Was ist Private Label?

Private Label kommt aus dem Englischen und bedeutet Handelsmarke. Private Label Produkte sind also Produkte, die für einen bestimmten Händler hergestellt werden, damit er diese dann unter dem eigenen Markennamen vertreiben kann. Sie als Verkäufer können die ausgewählten Produkte direkt vom Hersteller ganz nach Ihren Bedürfnissen oder Wünschen verändern oder Verbesserungen vornehmen. Außerdem können die Hersteller auf Ihren Wunsch eine personalisierte Verpackung bereitstellen oder das Produkt mit Ihrem Logo bedrucken.

Was ist White Label?

Der Unterschied zwischen White Label und Private Label ist nur sehr gering und kann leicht falsch interpretiert werden. Private Label oder Handelsmarke ist eine Marke, die “exklusiv” für einen Einzelhändler hergestellt und von diesem weiterverkauft wird. So zum Beispiel die Eigenmarke “Ja” von Rewe. Im Gegensatz zu Private Label Produkten werden White-Label-Produkte von einem Hersteller für mehrere Einzelhändler hergestellt. Es steht jedem Einzelhändler frei, die Produkte nach dem Bezug zu personalisieren. Manche Hersteller bieten sogar an, White Label Produkte mit personalisierter Verpackung und dem Logoaufdruck für den Verkauf vorzubereiten. Das Geschäftsmodell konzentriert sich jedoch auf die schnelle Herstellung der standardisierten Artikel und den schnellen Versand an den Einzelhandel. Es wäre nicht verkehrt zu sagen, dass White Label Produkte die Vorstufe von Private Label sind.
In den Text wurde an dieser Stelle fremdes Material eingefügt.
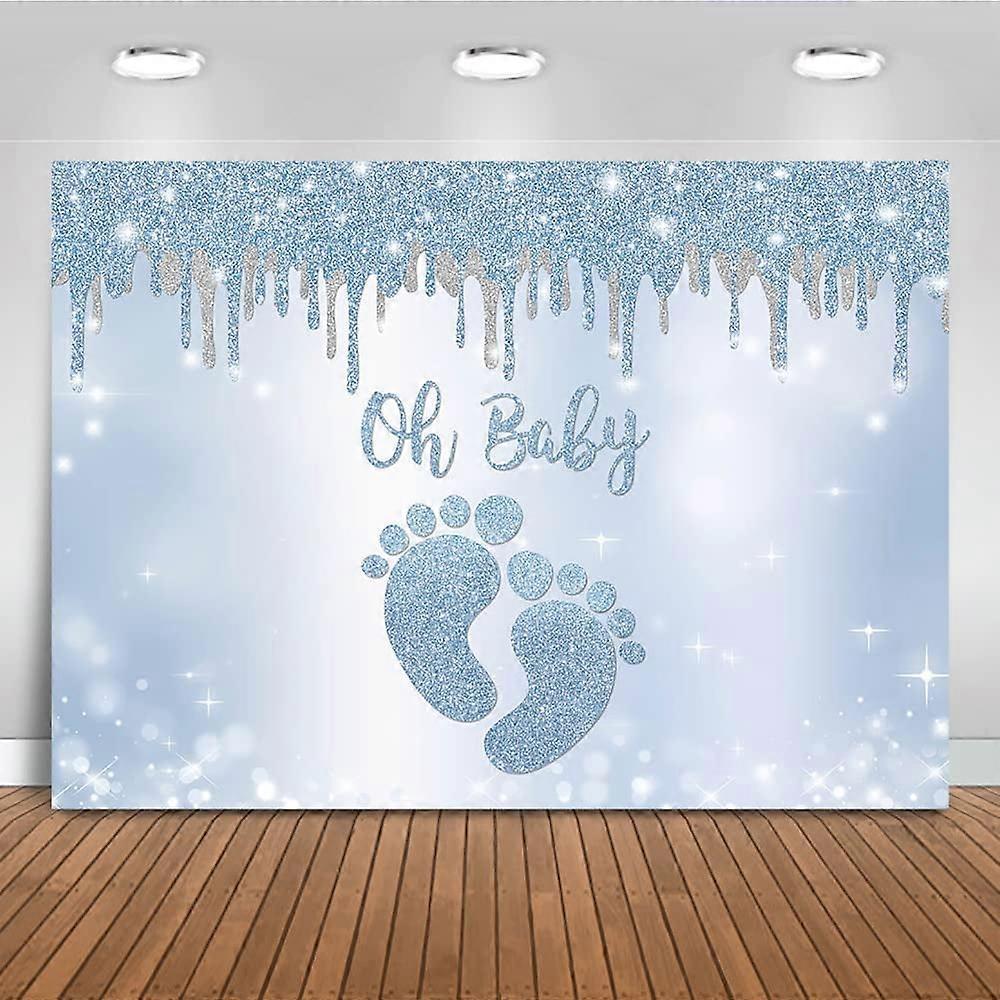 Blue Silver Oh baby backdrop little feet baby shower background for boy footprint baby shower party decorations banner photo booth backdrops (7x5ft)

Was sind Amazon Eigenmarken?

Seit 2009 bietet Amazon günstige Bedarfsartikel wie Elektronikzubehör, Bürobedarf oder Spielekonsolen unter dem Markennamen “Amazon Basics” an. „Amazon Basics“ ist nur eine der Eigenmarken des Onlineriesen. Wenn es anfangs nur wenige Artikel im Angebot gab, zählt der Händler inzwischen knapp 2.000 Produkte der „Basics“-Linie. In den letzten Jahren soll Amazon über 80 Eigenmarken weltweit aufgebaut haben. Einige davon werden auch offensichtlich als Amazon-eigene Marken beworben – so zum Beispiel „Amazon Essentials“ oder “Amazon Basics”. Andere wiederum sind auf den ersten Blick nicht als Amazon Eigenmarke zu erkennen. Oder kommt Ihnen bei den Namen “James & Erin“, „Franklin & Freeman“, „Lark & Ro“ oder „The Fix“ Amazon als Händler in den Sinn? Gerüchte über einen gezielten Angriff auf Dritthändler brodeln immer noch. Gleichzeitig betrachten die Endverbraucher die Qualität der Ware eher als mangelhaft. Amazon hat also noch viel Arbeit vor sich.  
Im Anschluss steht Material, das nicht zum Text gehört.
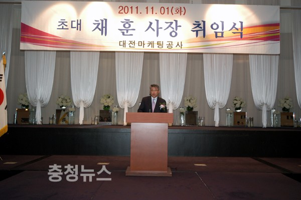대전마케팅공사 채훈 초대사장이 1일 엑스포컨벤션센터에서 취임식을 갖고, 3년 동안 대전마케팅공사 사장으로서의 공식 업무에 돌입했다.

Welche Vor- und Nachteile hat der Verkauf von Private Label Produkten auf Amazon?

Der Verkauf der Private Label Produkte über Amazon ist ein beliebtes Geschäftsmodell. Doch bevor Sie sich dafür oder dagegen entscheiden, müssen Sie über die Vor- und Nachteile dessen im Klaren sein. Wussten Sie zum Beispiel, dass Ihnen als Amazon Private Label Seller die Buy Box nicht 100% sicher ist? Oder dass Sie bei weitem mehr Konkurrenz als nur andere Private Label-Händler haben? Oder, dass Import aus China mit vielen Tücken verbunden ist? Doch eins nach dem anderen.
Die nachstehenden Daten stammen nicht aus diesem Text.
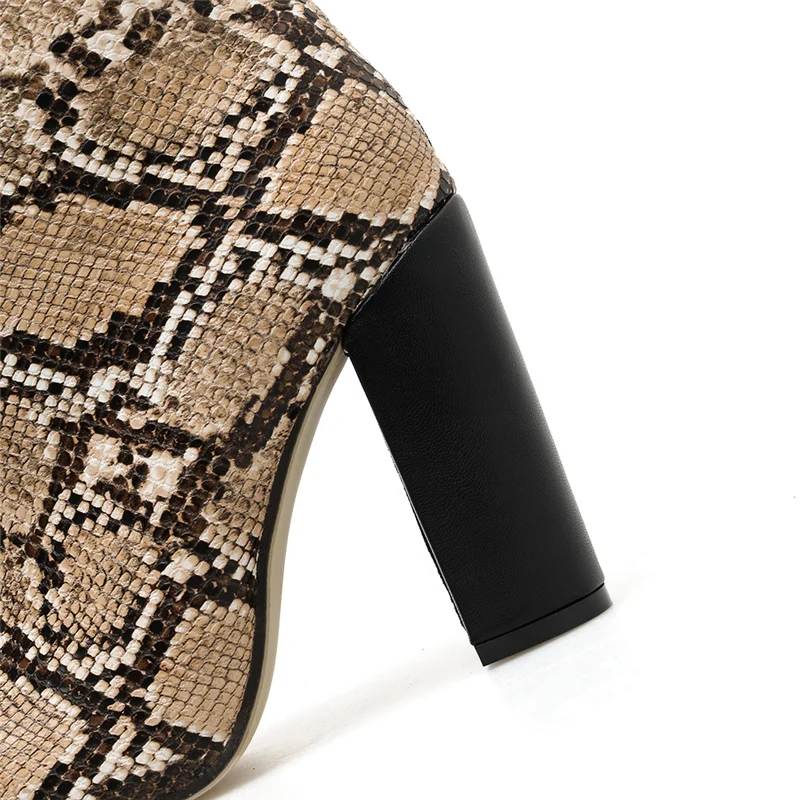 Special Offer 2019 botas de mujer de talla grande 11cm tacones altos fetiche Stripper Borgoña botas de tobillo Prom serpiente estampado tacones de bloque grueso zapatos Rojos Discount 52% Today!

Vorteile von Private Label Business auf Amazon

Beim Online-Shopping ist Amazon DIE Suchmaschine – so zeigte eine im Jahr 2017 von Bloomreach veröffentlichte Studie, dass 55% der Befragten den Marktplatz als erste Anlaufstelle bei der Produktsuche sehen. Auch Nischen sind auf Amazon gefragt. Und an dieser Stelle hat Private Labeling einige Vorteile – so können Sie mit Nischenprodukten eine klar definierte Zielgruppe erreichen und von Ihrer Marke die kaufkräftigen Konsumenten auf Amazon überzeugen. 

1. Aufbau einer eigenen Markenpräsenz möglich

Der klare Vorteil von Private Label auf Amazon ist die Möglichkeit, eine eigene Marke aufzubauen. Als Private Label Händler agieren Sie im eigenen Namen und können durch den persönlichen Service, die Verpackung und den eigenen Amazon Store Aufmerksamkeit des Kunden erlangen. Durch individuell gestaltbaren Elemente wie Header, Kacheln sowie Produktkategorien im eigenen Amazon Brandstore schaffen Sie als Seller mehr Übersicht für den potentiellen Käufer. So unterscheidet sich der Amazon Store nach außen kaum noch vom eigenen Onlineshop, profitiert jedoch von der Reichweite des Onlineriesen. Mit dem eigenen Brandstore kann der Händler die Alleinstellungsmerkmale und die Marke selbst besser transportieren sowie bessere Kaufanreize schaffen. 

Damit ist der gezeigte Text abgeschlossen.